Over 40 organizations, housing providers, artists, and social workers have joined 2,200 DTES residents in signing a Community Resolution opposing condos at the old Pantages Theatre site. The Resolution states: “We would not want to be complicit in a project that will further displace, impoverish, and police residents of the Downtown Eastside and make people feel more unwelcome in their own neighbourhood.”
The groups want the city to buy the Pantages site and use it for resident controlled social housing that people on welfare can afford.
Building condos in the Downtown Eastside causes gentrification. Condos increase property values.
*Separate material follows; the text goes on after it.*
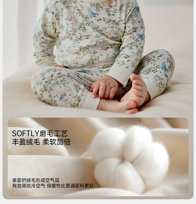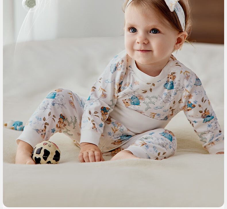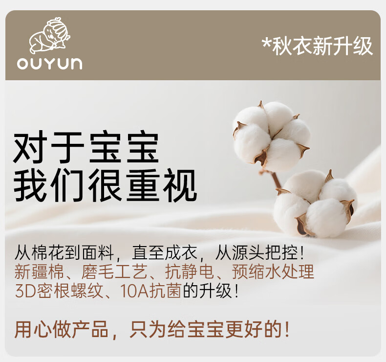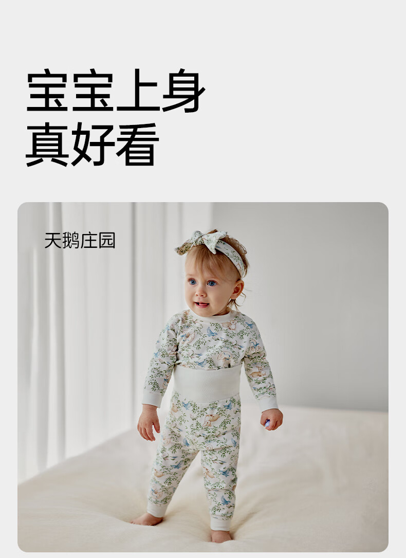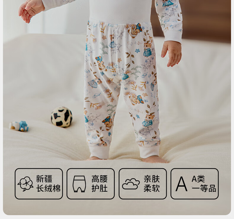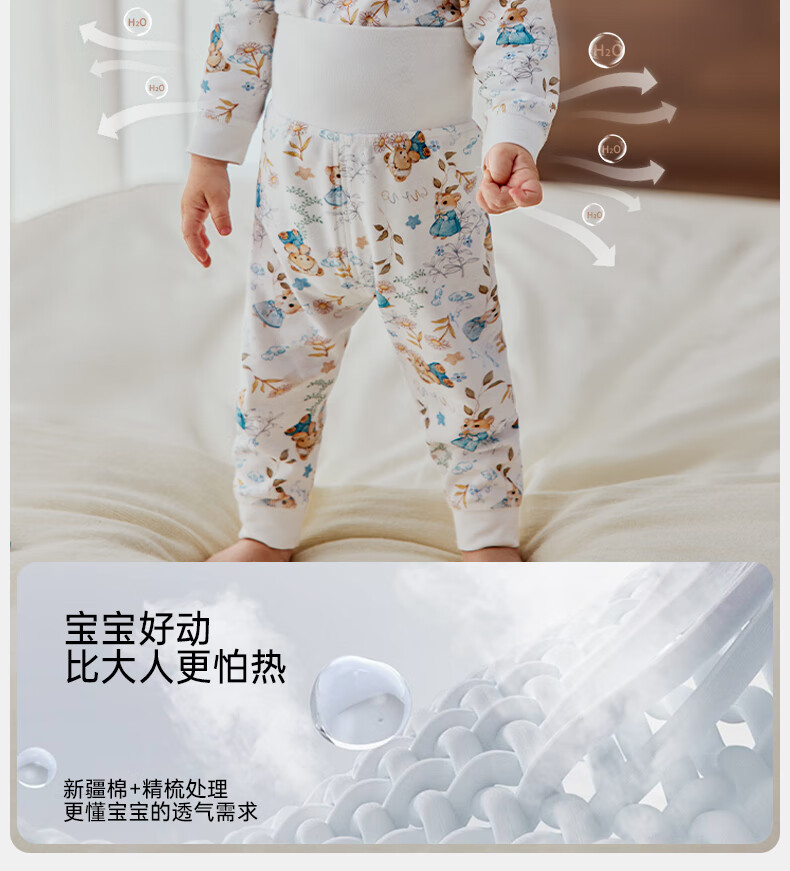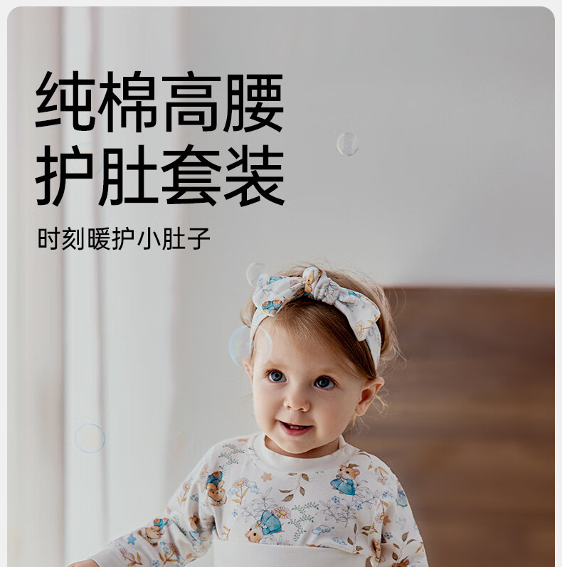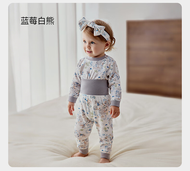 欧孕(OUYUN)宝宝秋衣套装儿童保暖内衣纯棉高腰婴童护肚男童女童秋冬睡衣 蓝莓白熊 【高腰护肚 10A抑菌】 80 【建议身高:80cm-90cm】

Rents and taxes for hotel rooms and local businesses go up. New businesses serve new, richer residents. Police and security guards harass and ticket low-income people to keep them away from the new upscale businesses, and the streets become zones of exclusion for low income people.
It’s especially important to stop the Sequel project because it is in the Oppenheimer area of the DTES, an area that requires 20% social housing for most new developments. If Sequel can succeed despite this requirement, other developers are likely to proceed with more condos and gentrify the heart of the DTES. The city has also said in its DTES Housing Plan that the Oppenheimer area should have more than its share of new self-contained social housing. This can’t happen if the area is overrun with condos, due to unaffordable property values.
To continue the fight against Sequel, the DTES Not for Developers Coalition is organizing a demonstration on December 11 at 2 pm at the Sequel site (beside the blue fence in the 100 block of East Hastings). Come out and join us!